[Source records]
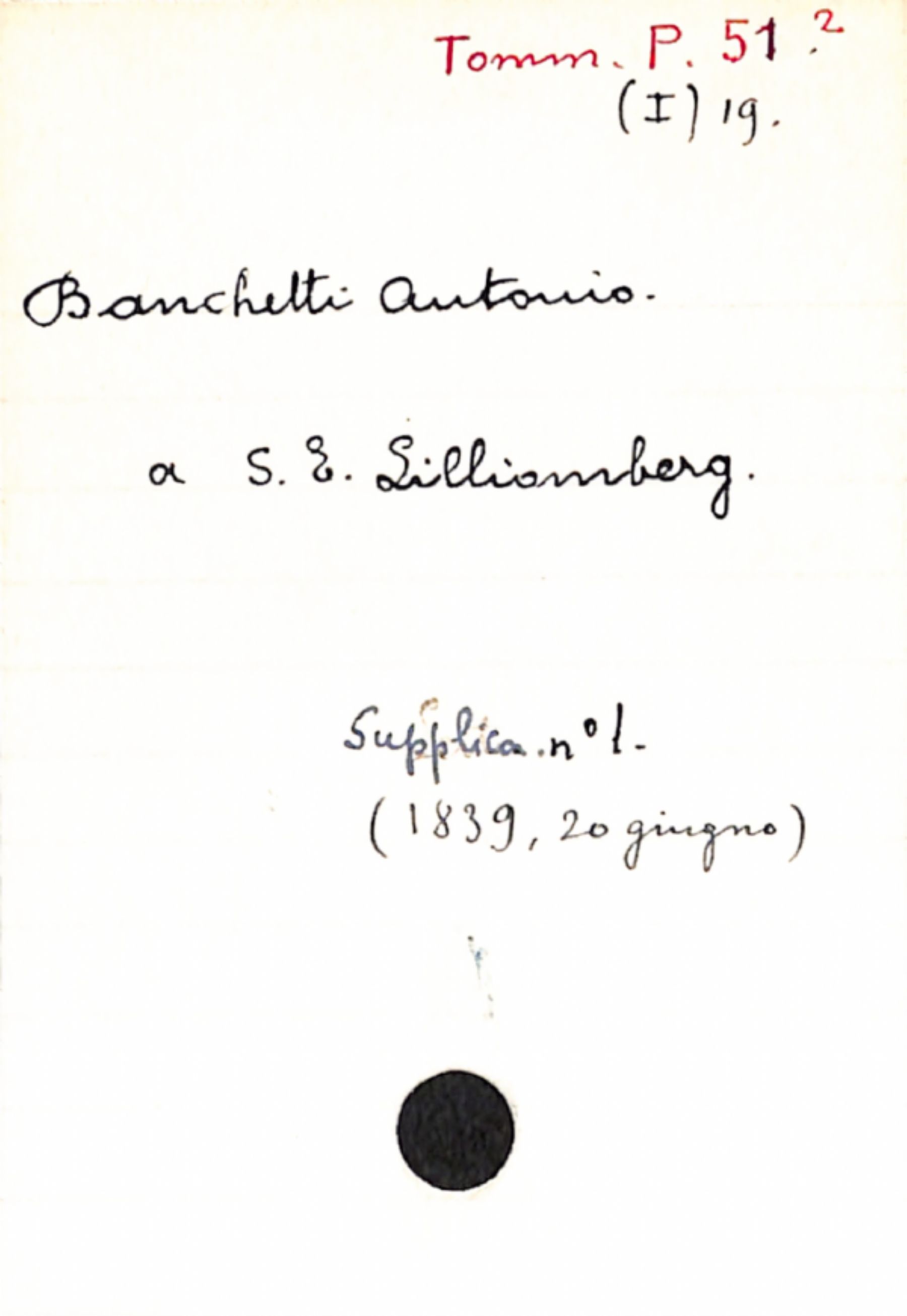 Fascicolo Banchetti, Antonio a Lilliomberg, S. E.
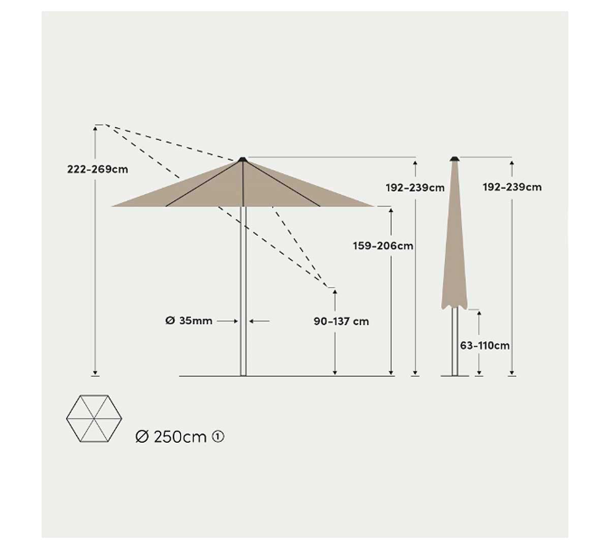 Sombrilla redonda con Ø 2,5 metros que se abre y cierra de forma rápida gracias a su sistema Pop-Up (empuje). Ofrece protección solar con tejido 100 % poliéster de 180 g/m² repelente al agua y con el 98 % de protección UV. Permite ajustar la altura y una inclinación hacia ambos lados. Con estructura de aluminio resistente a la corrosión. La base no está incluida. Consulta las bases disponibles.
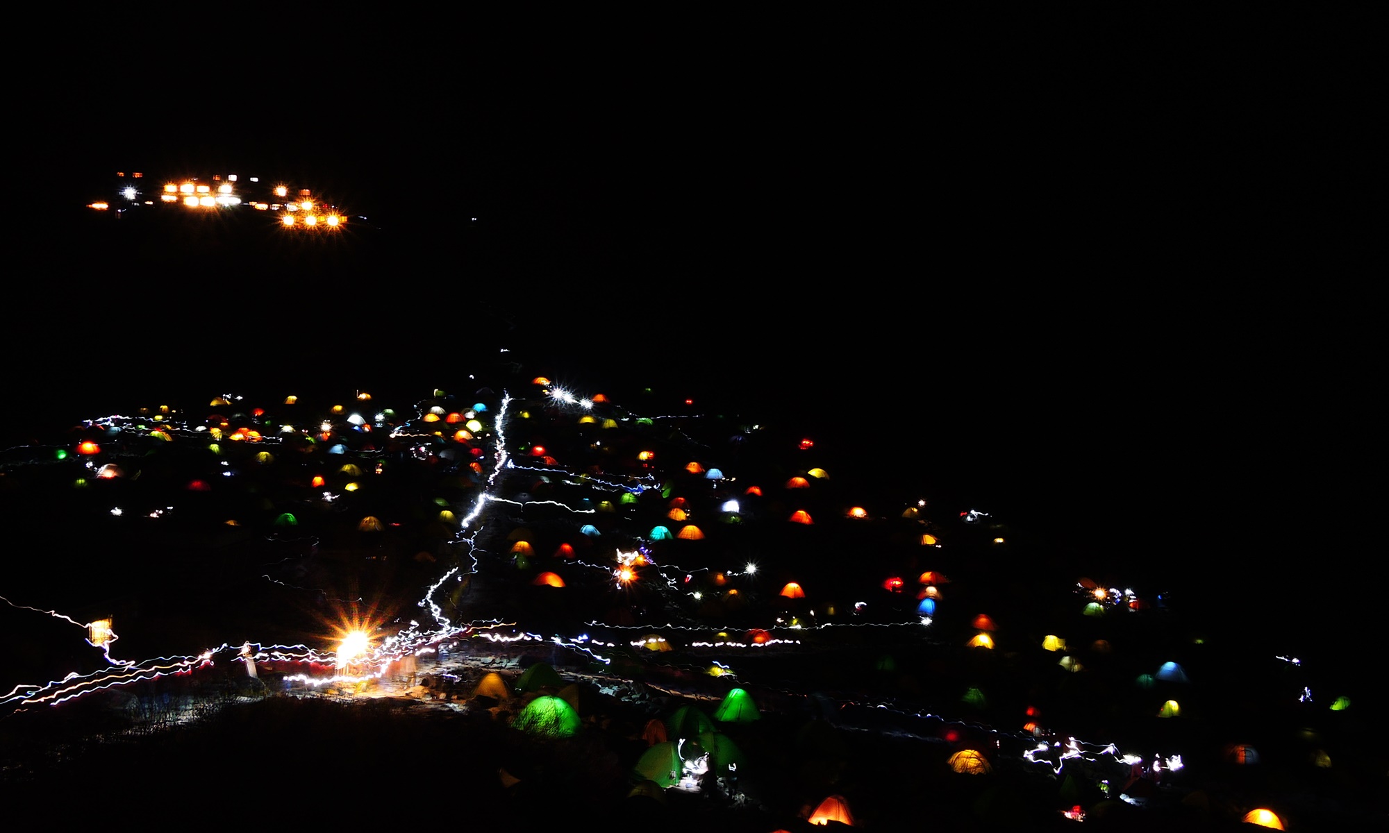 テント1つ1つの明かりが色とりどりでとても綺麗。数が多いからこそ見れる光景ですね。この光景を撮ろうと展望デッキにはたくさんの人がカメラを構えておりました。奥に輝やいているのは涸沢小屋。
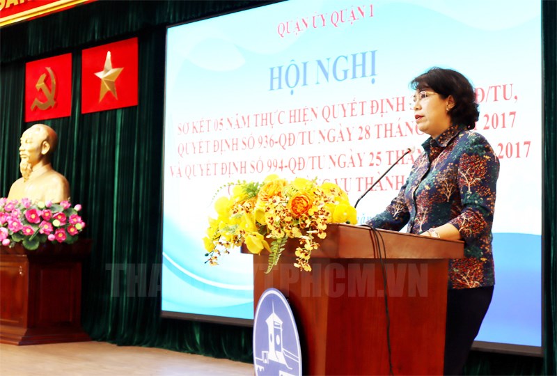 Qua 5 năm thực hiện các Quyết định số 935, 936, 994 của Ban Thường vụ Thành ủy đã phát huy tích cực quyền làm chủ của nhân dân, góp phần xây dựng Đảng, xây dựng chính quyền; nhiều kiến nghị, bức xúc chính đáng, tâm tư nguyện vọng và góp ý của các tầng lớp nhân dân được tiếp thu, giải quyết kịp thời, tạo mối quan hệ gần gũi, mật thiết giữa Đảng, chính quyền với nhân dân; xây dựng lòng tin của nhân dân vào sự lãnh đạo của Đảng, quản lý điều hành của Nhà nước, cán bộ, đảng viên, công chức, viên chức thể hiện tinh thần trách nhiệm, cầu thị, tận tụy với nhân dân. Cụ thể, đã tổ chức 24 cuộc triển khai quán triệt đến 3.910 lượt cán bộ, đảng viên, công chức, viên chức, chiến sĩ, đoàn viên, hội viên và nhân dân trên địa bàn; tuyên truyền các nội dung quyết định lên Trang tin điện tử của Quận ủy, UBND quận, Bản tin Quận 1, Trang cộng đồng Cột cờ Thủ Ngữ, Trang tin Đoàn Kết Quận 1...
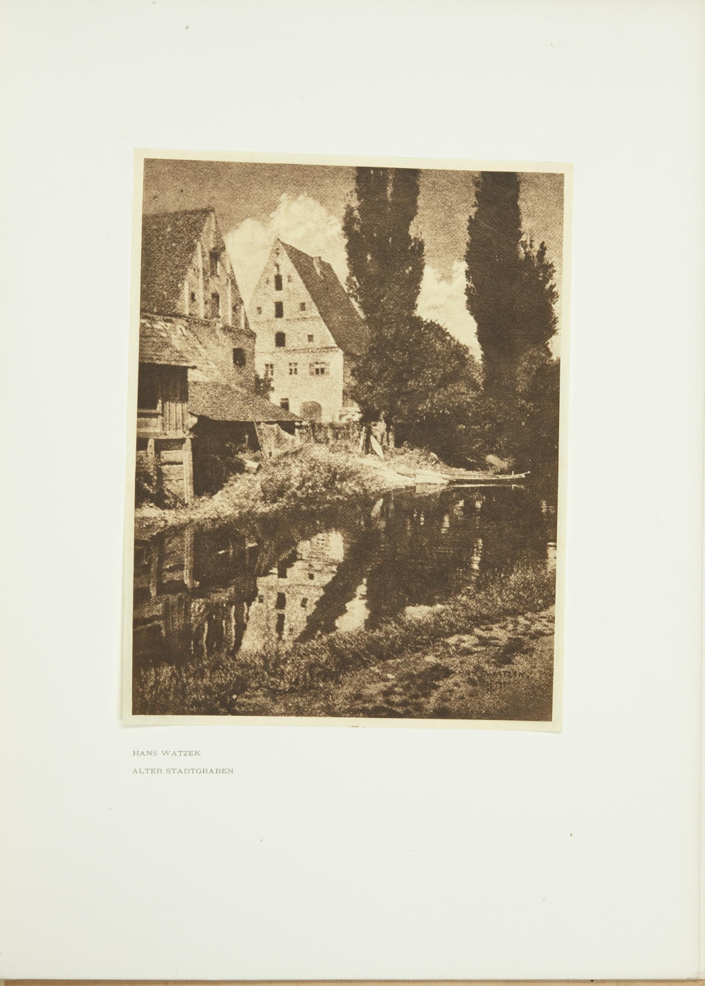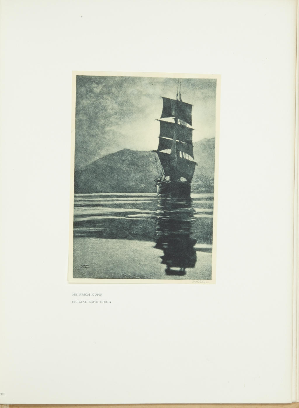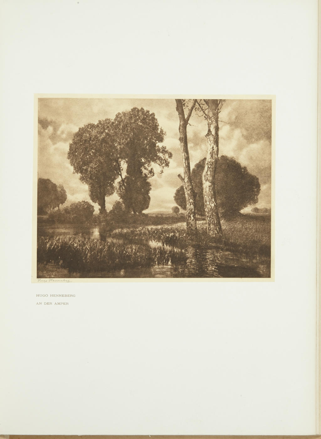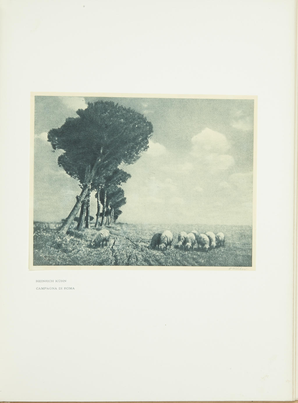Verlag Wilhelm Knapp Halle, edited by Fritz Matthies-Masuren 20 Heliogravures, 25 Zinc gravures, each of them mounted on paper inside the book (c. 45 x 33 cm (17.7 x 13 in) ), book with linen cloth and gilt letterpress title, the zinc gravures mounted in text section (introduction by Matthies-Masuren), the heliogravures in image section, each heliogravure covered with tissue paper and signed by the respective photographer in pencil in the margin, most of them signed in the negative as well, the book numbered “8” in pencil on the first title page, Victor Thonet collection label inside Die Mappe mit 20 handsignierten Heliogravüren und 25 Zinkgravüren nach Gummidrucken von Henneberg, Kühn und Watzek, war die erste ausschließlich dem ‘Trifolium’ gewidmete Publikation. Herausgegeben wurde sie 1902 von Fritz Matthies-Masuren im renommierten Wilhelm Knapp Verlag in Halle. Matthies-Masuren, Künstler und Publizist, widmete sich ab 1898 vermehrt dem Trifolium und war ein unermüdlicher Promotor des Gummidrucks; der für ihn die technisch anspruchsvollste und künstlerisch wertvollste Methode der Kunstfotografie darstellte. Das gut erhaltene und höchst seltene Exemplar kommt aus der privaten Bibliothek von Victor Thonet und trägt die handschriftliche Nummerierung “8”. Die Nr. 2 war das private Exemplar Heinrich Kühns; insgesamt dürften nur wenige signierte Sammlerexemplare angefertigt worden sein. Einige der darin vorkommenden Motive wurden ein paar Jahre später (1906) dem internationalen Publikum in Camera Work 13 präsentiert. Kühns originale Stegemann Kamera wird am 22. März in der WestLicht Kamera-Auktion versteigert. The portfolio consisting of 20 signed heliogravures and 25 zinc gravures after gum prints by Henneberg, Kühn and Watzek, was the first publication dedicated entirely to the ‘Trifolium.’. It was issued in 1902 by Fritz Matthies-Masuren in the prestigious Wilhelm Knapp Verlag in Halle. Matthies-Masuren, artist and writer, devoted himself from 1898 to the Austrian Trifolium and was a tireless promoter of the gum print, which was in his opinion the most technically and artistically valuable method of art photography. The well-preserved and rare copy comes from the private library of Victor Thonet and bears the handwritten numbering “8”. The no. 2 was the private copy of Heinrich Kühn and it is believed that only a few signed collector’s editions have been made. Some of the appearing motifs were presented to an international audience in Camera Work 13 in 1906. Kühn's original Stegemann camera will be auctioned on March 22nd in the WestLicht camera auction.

# What the task asks:
Write out the data exactly, but not its pictures.

# Answer to this task:
 Fascicolo Banchetti, Antonio a Lilliomberg, S. E.
 Sombrilla redonda con Ø 2,5 metros que se abre y cierra de forma rápida gracias a su sistema Pop-Up (empuje). Ofrece protección solar con tejido 100 % poliéster de 180 g/m² repelente al agua y con el 98 % de protección UV. Permite ajustar la altura y una inclinación hacia ambos lados. Con estructura de aluminio resistente a la corrosión. La base no está incluida. Consulta las bases disponibles.
 テント1つ1つの明かりが色とりどりでとても綺麗。数が多いからこそ見れる光景ですね。この光景を撮ろうと展望デッキにはたくさんの人がカメラを構えておりました。奥に輝やいているのは涸沢小屋。
 Qua 5 năm thực hiện các Quyết định số 935, 936, 994 của Ban Thường vụ Thành ủy đã phát huy tích cực quyền làm chủ của nhân dân, góp phần xây dựng Đảng, xây dựng chính quyền; nhiều kiến nghị, bức xúc chính đáng, tâm tư nguyện vọng và góp ý của các tầng lớp nhân dân được tiếp thu, giải quyết kịp thời, tạo mối quan hệ gần gũi, mật thiết giữa Đảng, chính quyền với nhân dân; xây dựng lòng tin của nhân dân vào sự lãnh đạo của Đảng, quản lý điều hành của Nhà nước, cán bộ, đảng viên, công chức, viên chức thể hiện tinh thần trách nhiệm, cầu thị, tận tụy với nhân dân. Cụ thể, đã tổ chức 24 cuộc triển khai quán triệt đến 3.910 lượt cán bộ, đảng viên, công chức, viên chức, chiến sĩ, đoàn viên, hội viên và nhân dân trên địa bàn; tuyên truyền các nội dung quyết định lên Trang tin điện tử của Quận ủy, UBND quận, Bản tin Quận 1, Trang cộng đồng Cột cờ Thủ Ngữ, Trang tin Đoàn Kết Quận 1...
Verlag Wilhelm Knapp Halle, edited by Fritz Matthies-Masuren 20 Heliogravures, 25 Zinc gravures, each of them mounted on paper inside the book (c. 45 x 33 cm (17.7 x 13 in) ), book with linen cloth and gilt letterpress title, the zinc gravures mounted in text section (introduction by Matthies-Masuren), the heliogravures in image section, each heliogravure covered with tissue paper and signed by the respective photographer in pencil in the margin, most of them signed in the negative as well, the book numbered “8” in pencil on the first title page, Victor Thonet collection label inside Die Mappe mit 20 handsignierten Heliogravüren und 25 Zinkgravüren nach Gummidrucken von Henneberg, Kühn und Watzek, war die erste ausschließlich dem ‘Trifolium’ gewidmete Publikation. Herausgegeben wurde sie 1902 von Fritz Matthies-Masuren im renommierten Wilhelm Knapp Verlag in Halle. Matthies-Masuren, Künstler und Publizist, widmete sich ab 1898 vermehrt dem Trifolium und war ein unermüdlicher Promotor des Gummidrucks; der für ihn die technisch anspruchsvollste und künstlerisch wertvollste Methode der Kunstfotografie darstellte. Das gut erhaltene und höchst seltene Exemplar kommt aus der privaten Bibliothek von Victor Thonet und trägt die handschriftliche Nummerierung “8”. Die Nr. 2 war das private Exemplar Heinrich Kühns; insgesamt dürften nur wenige signierte Sammlerexemplare angefertigt worden sein. Einige der darin vorkommenden Motive wurden ein paar Jahre später (1906) dem internationalen Publikum in Camera Work 13 präsentiert. Kühns originale Stegemann Kamera wird am 22. März in der WestLicht Kamera-Auktion versteigert. The portfolio consisting of 20 signed heliogravures and 25 zinc gravures after gum prints by Henneberg, Kühn and Watzek, was the first publication dedicated entirely to the ‘Trifolium.’. It was issued in 1902 by Fritz Matthies-Masuren in the prestigious Wilhelm Knapp Verlag in Halle. Matthies-Masuren, artist and writer, devoted himself from 1898 to the Austrian Trifolium and was a tireless promoter of the gum print, which was in his opinion the most technically and artistically valuable method of art photography. The well-preserved and rare copy comes from the private library of Victor Thonet and bears the handwritten numbering “8”. The no. 2 was the private copy of Heinrich Kühn and it is believed that only a few signed collector’s editions have been made. Some of the appearing motifs were presented to an international audience in Camera Work 13 in 1906. Kühn's original Stegemann camera will be auctioned on March 22nd in the WestLicht camera auction.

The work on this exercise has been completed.